This applies through the mise CLI contract: it installs the binary with mise.run when missing, then runs mise install --system with MISE_SYSTEM_DATA_DIR set.

Package planning resolves semantic package names through Repology and caches responses in .host_kit/cache/repology for 24 hours by default. Use locks for deterministic apply:

mix host_kit.plan --write-package-lock host_kit.package.lock infra/config.exs
mix host_kit.apply --package-lock host_kit.package.lock --confirm infra/config.exs

Plan/apply artifacts make remote changes inspectable before apply. Prefer declaring the remote host in normal .exs HostKit config and selecting it with --host:

use HostKit.DSL

project :infra do
  host :prod do
    hostname "host.example"
    user "root"
    sudo true

    ssh identity_file: Path.expand("~/.ssh/id_ed25519"),
        password: secret_env("HOSTKIT_SSH_PASSWORD"),
        silently_accept_hosts: true
  end
end
mix host_kit.plan --host prod \
  --package-lock host_kit.package.lock \
  --out host_kit.plan.json infra/config.exs

mix host_kit.apply --host prod \
  --plan host_kit.plan.json --confirm infra/config.exs

Plan artifacts are JSON and intended to be inspectable. Secret references are stored as references, not values, for example:

{
  "$type": "struct",
  "module": "Elixir.HostKit.Secret",
  "fields": {
    "source": {
      "$type": "tuple",
      "items": [
        {"$type": "atom", "value": "env"},
        "HOSTKIT_SSH_PASSWORD"
      ]
    }
  }
}

secret_env/1 records an environment-backed secret reference and resolves it only at the control-plane boundary that needs the value. Use it for HostKit's own credentials, such as SSH passwords or future provider API tokens. Target application environment files use the env-file DSL, which is backed by the same secret reference type:

env_file "/etc/app/app.env" do
  set :mix_env, :prod
  secret :database_url, env: "DATABASE_URL"
end

Raw SSH flags remain available as an escape hatch: --remote, --user, --port, --identity-file, --password, and --password-env.

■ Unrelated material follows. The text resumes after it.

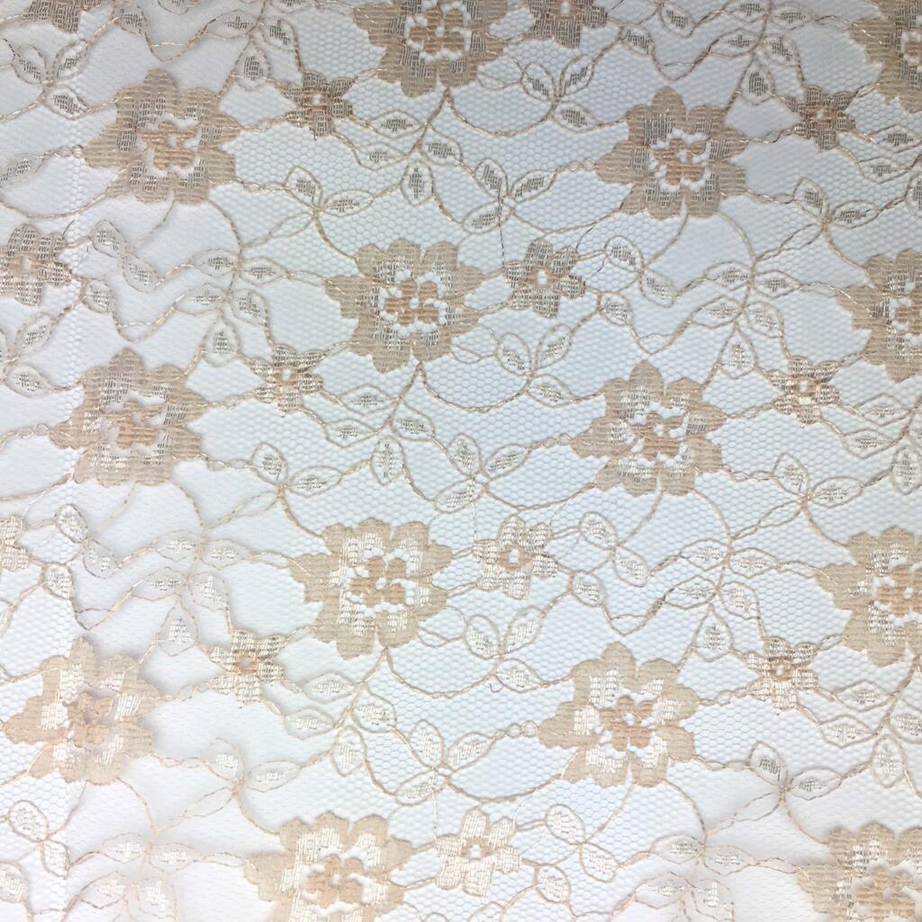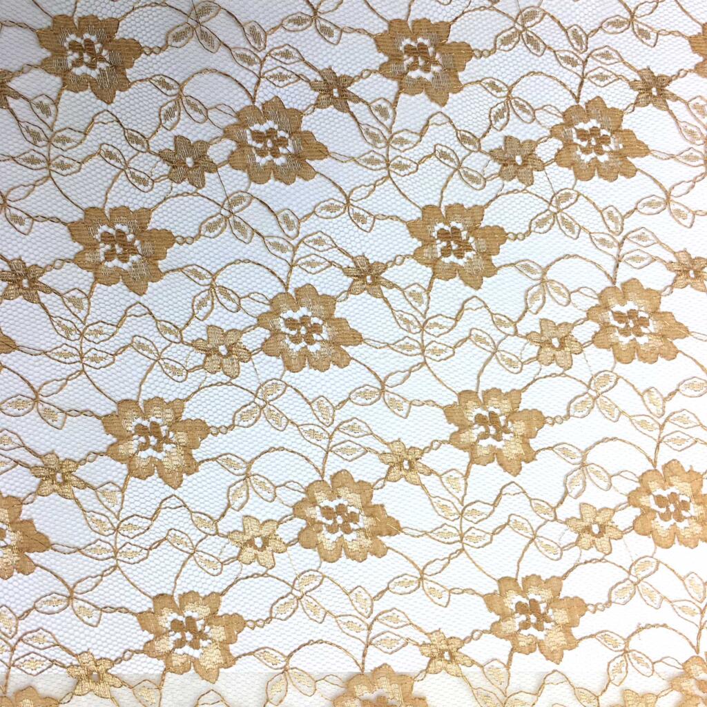 Synthetic embroidered lace. A multipurpose fabric ideal for use as a dress fabric, decoration, displays, fancy dress and crafts.

For Linux integration testing, use Incus as the lightweight native container/VM backend:

HOSTKIT_INCUS_SUDO=true HOSTKIT_SSH_PUBLIC_KEY=$HOME/.ssh/id_ed25519.pub \
  scripts/incus_integration_vm.sh ensure
HOSTKIT_INCUS_SUDO=true scripts/incus_integration_vm.sh ip

Set HOSTKIT_INCUS_TYPE=vm to launch an Incus VM instead of the default container, and HOSTKIT_INCUS_INSTANCE=name to change the instance name. Run the remote CLI integration against Incus with HOSTKIT_INTEGRATION_TOOL=incus, or against a pre-existing host declared in .exs config with HOSTKIT_INTEGRATION_TOOL=remote HOSTKIT_INTEGRATION_CONFIG=examples/integration_hosts.example.exs.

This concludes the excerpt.